Four common threads associated with journalism malfeasance: A look at Ruth Shalit Barrett’s fraudulent story for The Atlantic

There’s a pretty good reason why people constantly scream that the media is full of “fake news” get traction on their arguments:

Two weeks after publishing a long, juicy and instantly viral story about the world of competitive niche sports, and the wealthy parents who push their children to play them, the Atlantic on late Friday appended a nearly 800-word editor’s note informing readers that it was “deceived” by the story’s author, Ruth Shalit Barrett.

By Sunday evening, the magazine had gone further, announcing that it had retracted the story altogether. “We cannot attest to the trustworthiness and credibility of the author,” an expanded editor’s note said, “and therefore we cannot attest to the veracity of the article.”

This wasn’t the author’s first scrape with journalistic malpractice. In the 1990s, she worked at The New Republic where she was fired for plagiarism and taking liberties with her copy. As she noted for this story, written shortly after her dismissal, she was there alongside fellow journalism pariah Stephen Glass, who fabricated multiple stories and faked large portions of others:

“Steve Glass was boring, a boring fabulist, the Milli Vanilli of journalism. There were all these sorts of pieces written about how he was this brilliant, misunderstood genius who was hemmed in by the literature of fact. I think that’s wrong, that the appeal of his pieces was that they were supposedly full of all this great reporting. If you go back and read these pieces knowing that it was all made up, they don’t seem fun anymore,” she says.

“When people started writing pieces about Steve Glass, it all sort of got thinned out….It was ‘Steve Glass, fabulist’ and ‘Ruth Shalit, plagiarist.’ The rest of who I was and what I had done got dumped. And that was a drag, because if you stand back, there are good pieces with solid reporting, and that are true, by the way. To equate that body of work to the work of another writer whose entire oeuvre turned out to be this tissue of lies, that seems to be a large leap,” she says.

Leaping forward to her current situation, The Atlantic went to cringe-inducingly painful lengths to lay out the sins of the author and the magazine’s role in letting it see the light of day. In an editor’s note that retracted the piece, The Atlantic noted the following problems with the story:

  • The main character was given the name of “Sloane,” Barrett said, to protect the anonymity of this stay-at-home mother with three daughters and a son. It turned out to be the source’s middle name, which made it easy for people to identify her. In addition, the woman didn’t actually have a son.
  • In the deeper dig, “Sloane” explained that Barrett suggested the invention of the fictional son, and then told her to lie about his existence when contacted by The Atlantic’s fact checkers. At first, Barrett denied knowing about this before fessing up later.
  • The wounds that “Sloane’s” daughter sustained during a fencing competition were false or extremely exaggerated. In one case, Barrett described a piercing throat wound that struck the jugular vein and nearly hit the carotid artery as “a Fourth of July massacre.” The wound didn’t even draw blood, as noted by witnesses who posted on social media. A second wound was described as a deep thigh gash, which it was not, the correction notes.
  • A family involved in lacrosse was identified as living in the wrong city in Connecticut.
  • A statement that some families had built Olympic-sized ice rinks in their backyards had to be corrected to merely state that private ice rinks were constructed. (Olympic rinks measure 200 feet by 100 feet, which approaches nearly a half acre of space.)
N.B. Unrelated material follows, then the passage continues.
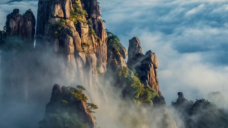 三清山风景区位于上饶市东北部,有“小黄山”之称,因三清山-玉京峰、玉虚、玉华峰三座山峰挺拔屹立,神似道教玉清、上清、太清三位尊神列坐在山巅之上而得名。这里是道教名山,景色也有几分仙气,能看漂亮的云海日出,欣赏山间惟妙惟肖的奇石,还能走上高空栈道赏景。
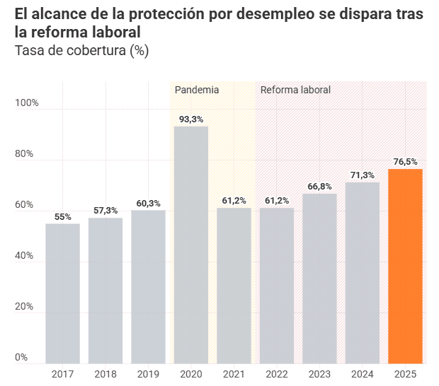 La tasa de cobertura de las prestaciones sube 15 puntos tras la reforma laboral

As these falsehoods and errors began to crop up, the folks at The Atlantic acted like trauma surgeons in a disaster: They kept tying off bleeders and trying to keep the patient alive. The editor’s note lists two dates in which the magazine added corrective information to the story, before making the decision to finally pull it. (A PDF of the article is still available on the magazine’s website.)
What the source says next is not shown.